#### [What to work on]
With pictures excluded, give again exactly the lines running from the one holding "데이터 꼈다켜면 무제한으로" through the end of the listing below.

#### [Given data]
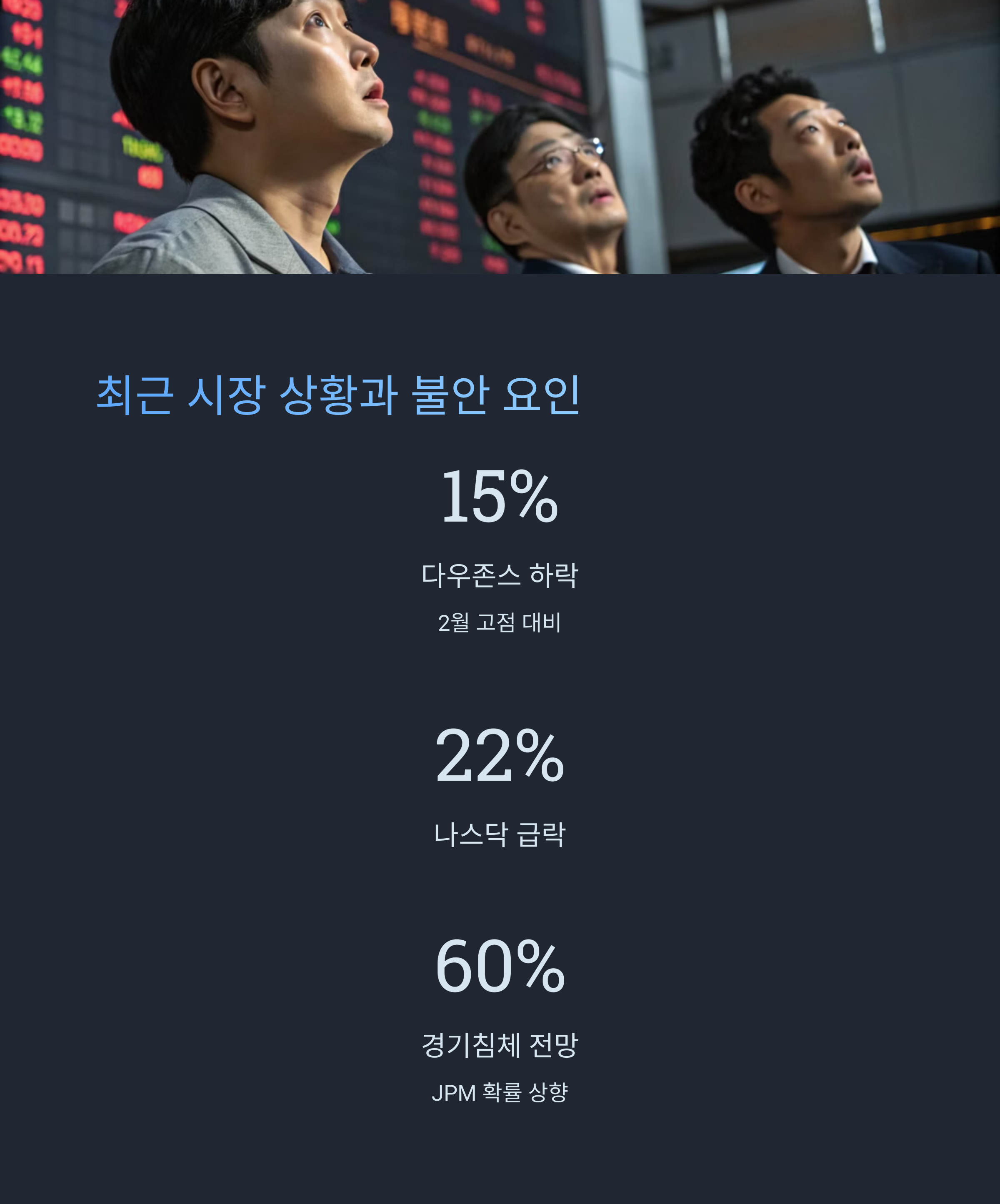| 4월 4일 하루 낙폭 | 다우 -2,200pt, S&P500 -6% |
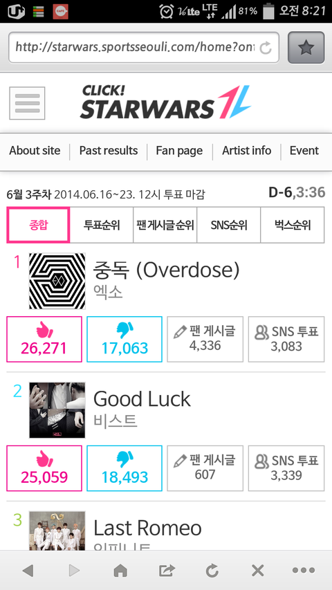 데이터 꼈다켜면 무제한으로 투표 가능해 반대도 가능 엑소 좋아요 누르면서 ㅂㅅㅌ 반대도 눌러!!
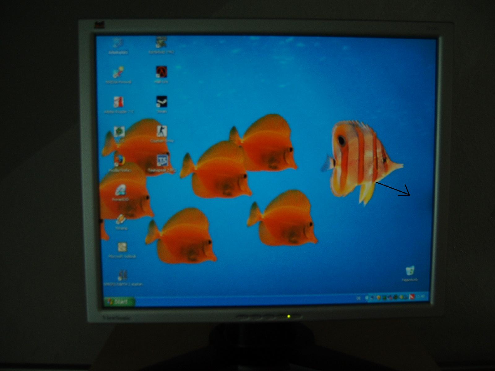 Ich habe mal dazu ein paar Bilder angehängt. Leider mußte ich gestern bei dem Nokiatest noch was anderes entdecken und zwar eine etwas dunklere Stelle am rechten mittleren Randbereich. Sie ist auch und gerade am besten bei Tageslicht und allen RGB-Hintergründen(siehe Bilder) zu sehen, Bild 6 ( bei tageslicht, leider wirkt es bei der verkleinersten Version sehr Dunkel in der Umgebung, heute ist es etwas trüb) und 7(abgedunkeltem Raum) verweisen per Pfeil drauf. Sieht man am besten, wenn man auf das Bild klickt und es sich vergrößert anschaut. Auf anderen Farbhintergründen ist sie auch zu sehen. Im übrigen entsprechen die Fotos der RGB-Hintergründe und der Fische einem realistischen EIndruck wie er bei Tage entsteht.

#### [Answer space]
 데이터 꼈다켜면 무제한으로 투표 가능해 반대도 가능 엑소 좋아요 누르면서 ㅂㅅㅌ 반대도 눌러!!
 Ich habe mal dazu ein paar Bilder angehängt. Leider mußte ich gestern bei dem Nokiatest noch was anderes entdecken und zwar eine etwas dunklere Stelle am rechten mittleren Randbereich. Sie ist auch und gerade am besten bei Tageslicht und allen RGB-Hintergründen(siehe Bilder) zu sehen, Bild 6 ( bei tageslicht, leider wirkt es bei der verkleinersten Version sehr Dunkel in der Umgebung, heute ist es etwas trüb) und 7(abgedunkeltem Raum) verweisen per Pfeil drauf. Sieht man am besten, wenn man auf das Bild klickt und es sich vergrößert anschaut. Auf anderen Farbhintergründen ist sie auch zu sehen. Im übrigen entsprechen die Fotos der RGB-Hintergründe und der Fische einem realistischen EIndruck wie er bei Tage entsteht.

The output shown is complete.